Docking fees don't mean much. The owner of a fishing boat pays berthing fees, but is still economically closer to his employees than to the cannery owner.
@UrbanEdm@michaelgemar Small business owners not only are not the same economic tier as their employees, ever, but have the exact opposite class interests, and have since the Paris Commune.
@nyrath@michaelgemar@pzriddle@tkinias@mishamouse In Stardust I touch on things like: infrastructure design, exact economic and governmental systems, culture and religion (especially pop culture, and I make the aliens internally diverse instead of planet-of-hats), and so on, more than most SF does. Military isn't really a focus.

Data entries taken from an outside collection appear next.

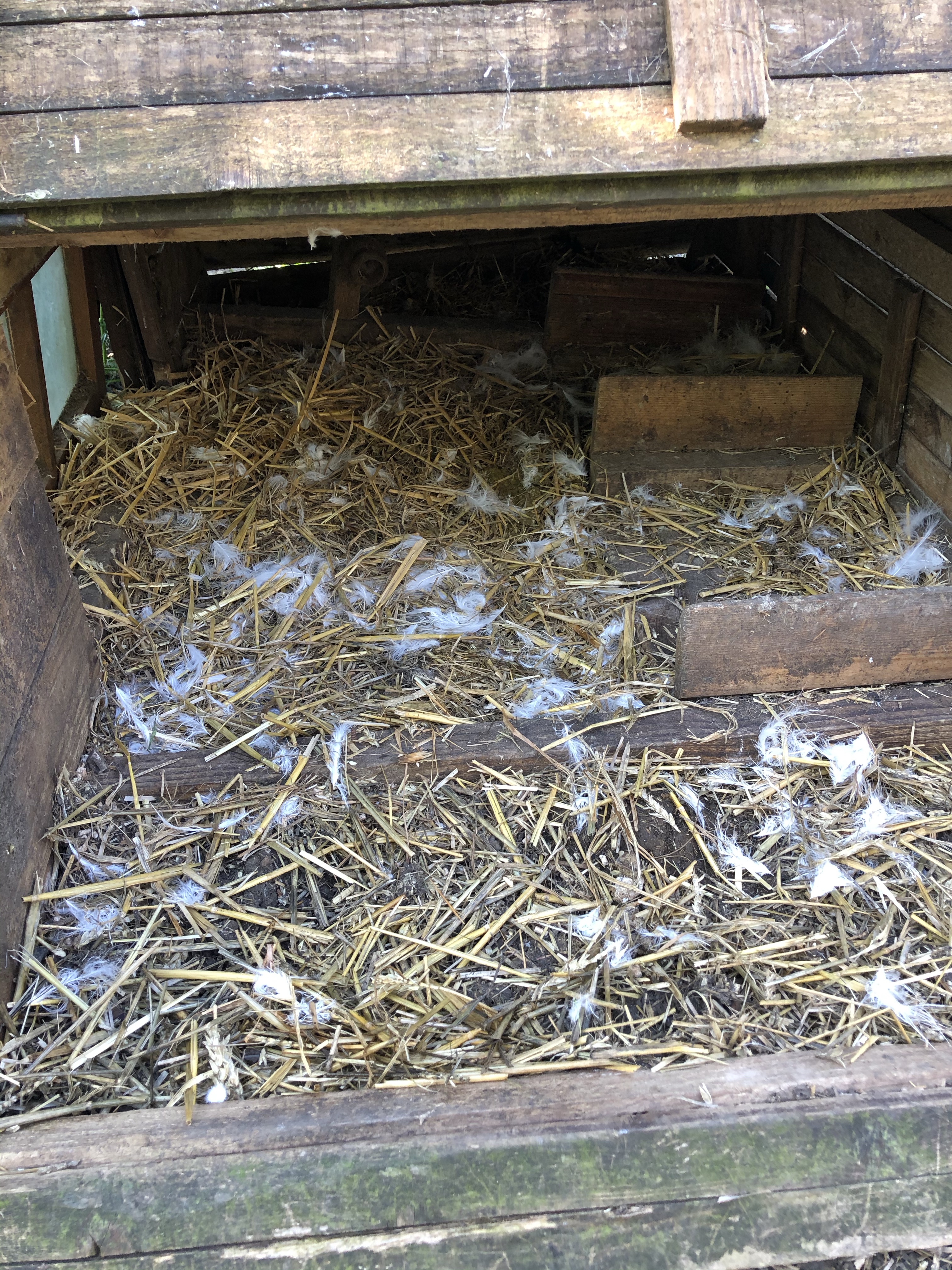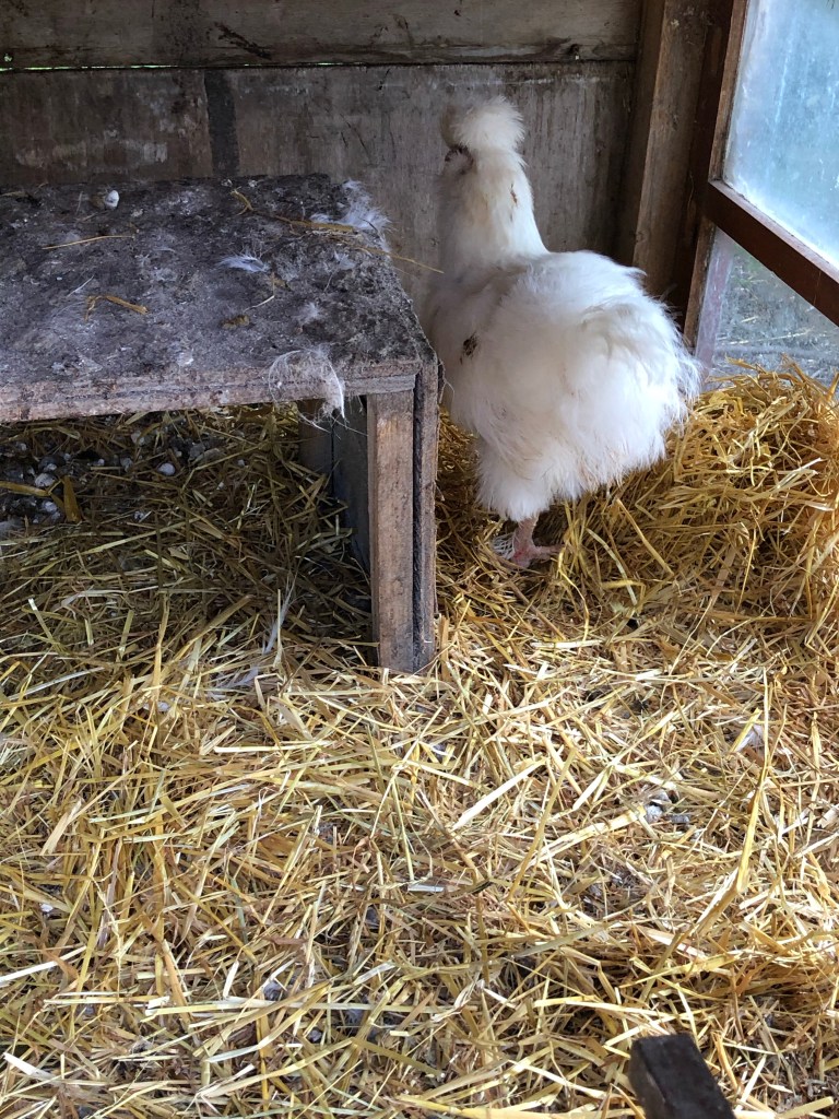 Then it was time to check on the other Mrs Silkie who has been sitting in the ark on 8 eggs for two and a half weeks. When I opened the ark door Mrs Silkie was off her nest, her food containers were upended and there were white,Silkie feathers everywhere.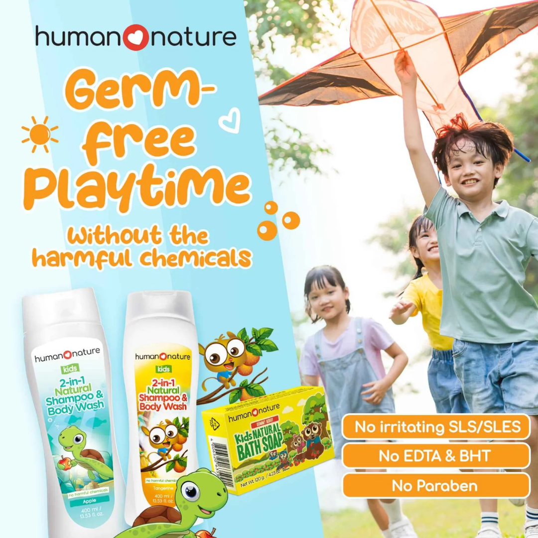 Human Nature Kids 2-in-1 Natural Shampoo and Body Wash is 98.87% natural, vegan, cruelty-free, and pH-balanced—giving children the care they deserve while keeping bath time safe and worry-free.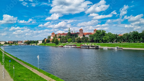 © Chris, Fototapeta premium Wawel Royal Castle sits proudly on its hill overlooking the Vistula River under a beautiful blue sky with fluffy clouds. Tourist boats are docked at the riverbank, ready for sightseeing tours.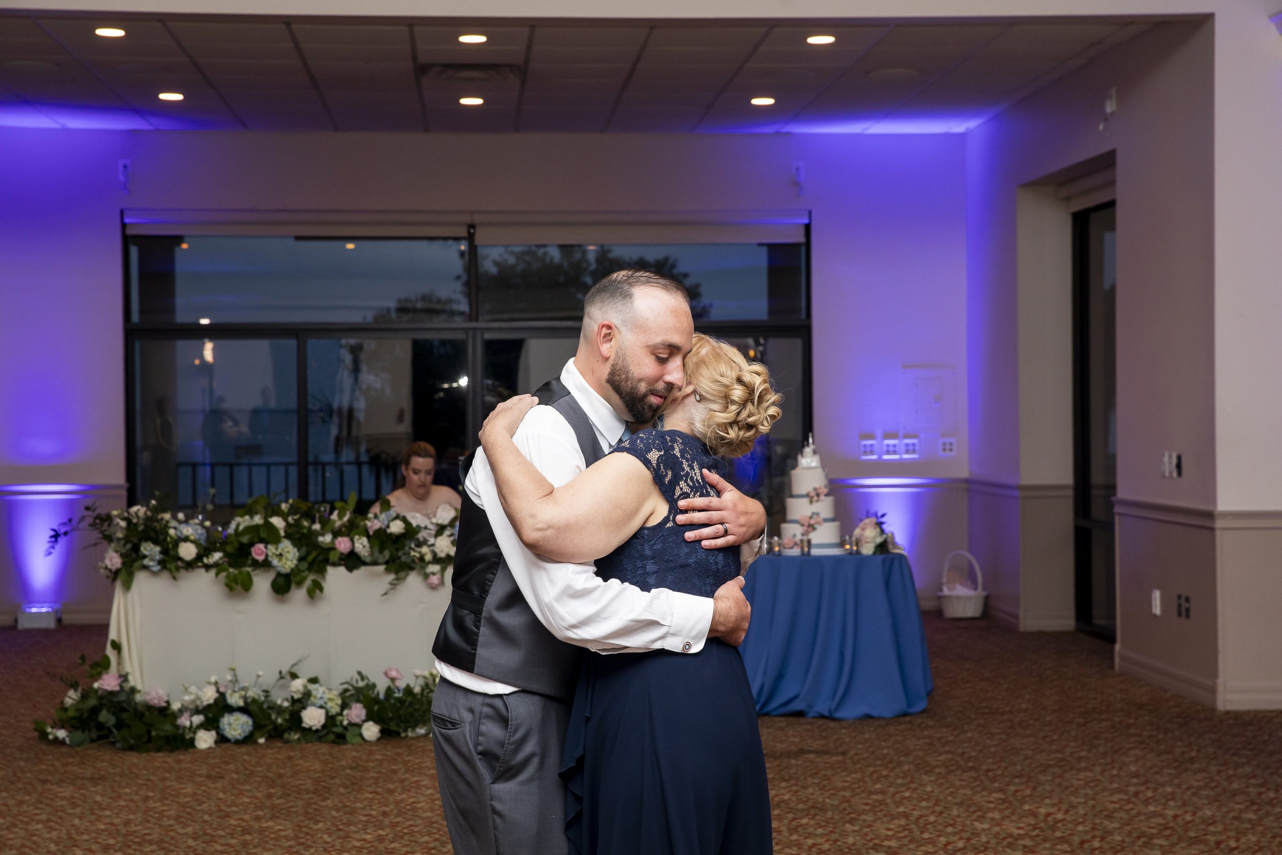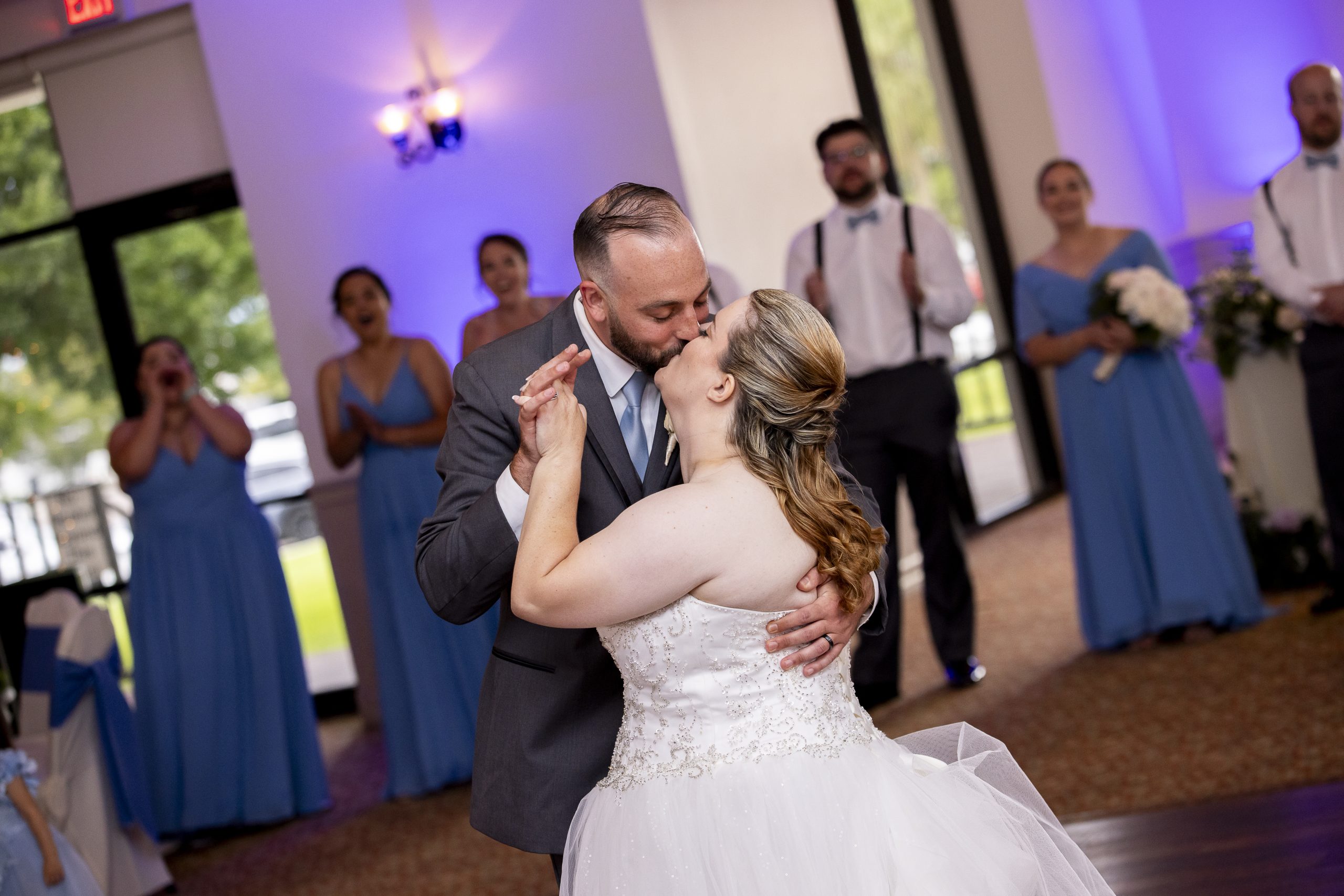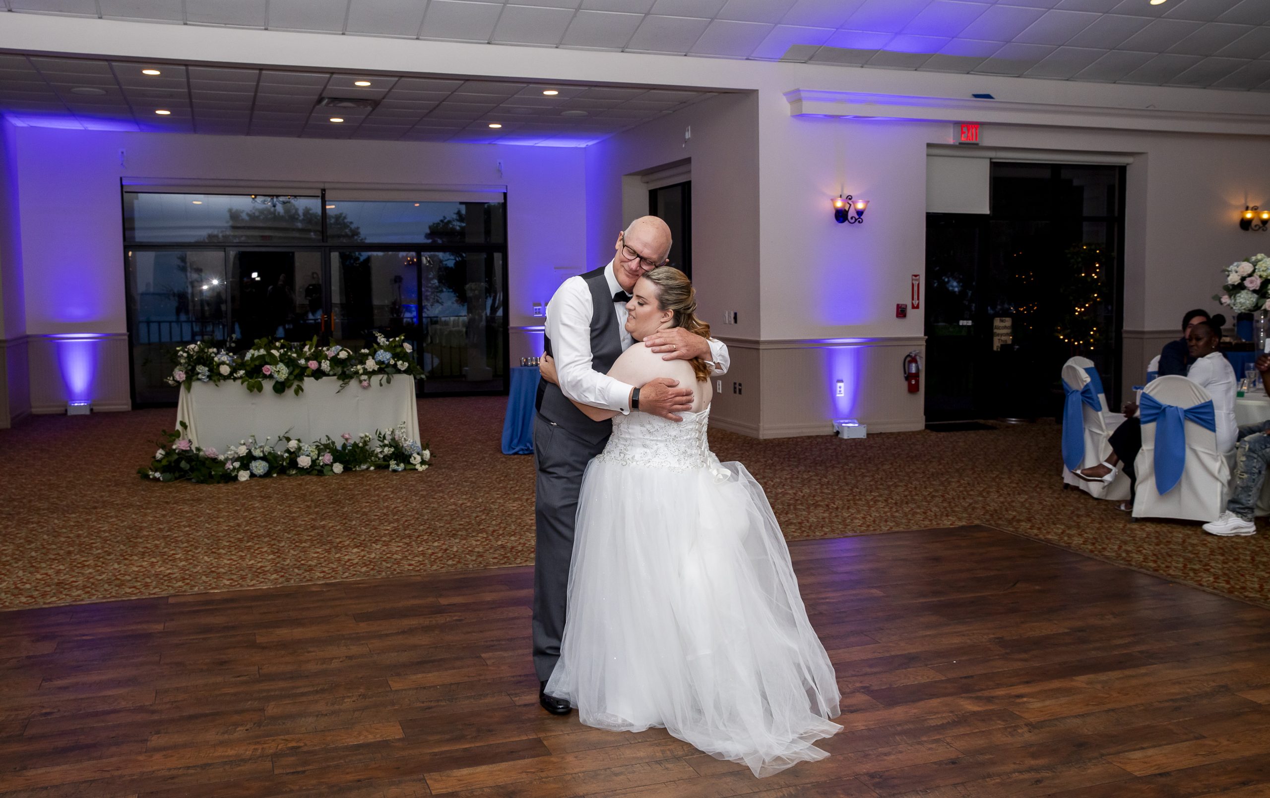 Cake cutting followed the conclusion of dinner. Kelsey and Kyle are big Disney fans, so they opted for a 3-tiered blue and white wedding cake with a Cinderella castle topper! Crafted by It’s Tasty Too, their cake flavors included amaretto, red velvet, and peanut butter, all of which were hits with everyone in attendance!

A change of pace innit?
@nyrath@michaelgemar@pzriddle@mishamouse
there’s also the issue that if you try to apply models from the econ scholarship to interplanetary settings you quickly run into issues like “this exponent is determined empirically from their data set and to apply it to SF I’m literally just pulling a number from my ahem”
@michaelgemar@nyrath@tkinias@mishamouse@pzriddle regarding the biological implications of humans living at low G, I was pretty convinced by this YouTube video by a doctor explaining that Belters would probably be shorter than Inners because the force of gravity is needed to stimulate bone growth. But I can’t blame the authors of #TheExpanse for coming to the conclusion that they’d be taller. https://youtu.be/lIRdWi3tKA8
@alan@michaelgemar@nyrath@tkinias@pzriddle i think they weren’t the first to come up with the trope, i remember reading it in some scifi novels when i was young… couldn’t tell you which though, it has been years. but this is interesting, adding this to my watch-later list!
@tkinias@nyrath i think i can forgive them those couple things! after at, it’s still science fiction.
i really appreciate how much attention they pay to g-forces cause by ship acceleration and maneuvering compared to many other similar shows. that’s one thing that really breaks the suspension of disbelief for me in so many other scifi settings.
@tkinias@mishamouse@nyrath the best science fiction works that way. Change one thing, or a small number of things, in a tightly confined but loosely defined way, and then explore what happens around that thing.
finished #TheExpanse yesterday! all six seasons in about 10 days.
i really enjoyed it, and i think it’s going to leave a lasting impression on my #SciFi preferences in the future. if/when i finish reading #ChildrenOfDune, maybe i’ll take a break from the #Dune franchise and try out the expanse books.
oh, and i think the #rocinante is high on my list of favorite spaceships now.
The Expanse is a great show, near the top of my list. Definitely for Science Fiction, probably replaced Battlestar Galactia as a favorite, especially after that show got a bit goofy in later seasons.
@stpaultim battlestar was the one franchise i somehow never got into! it’s been on my list to check out forever, i know it’s near and dear to many hearts.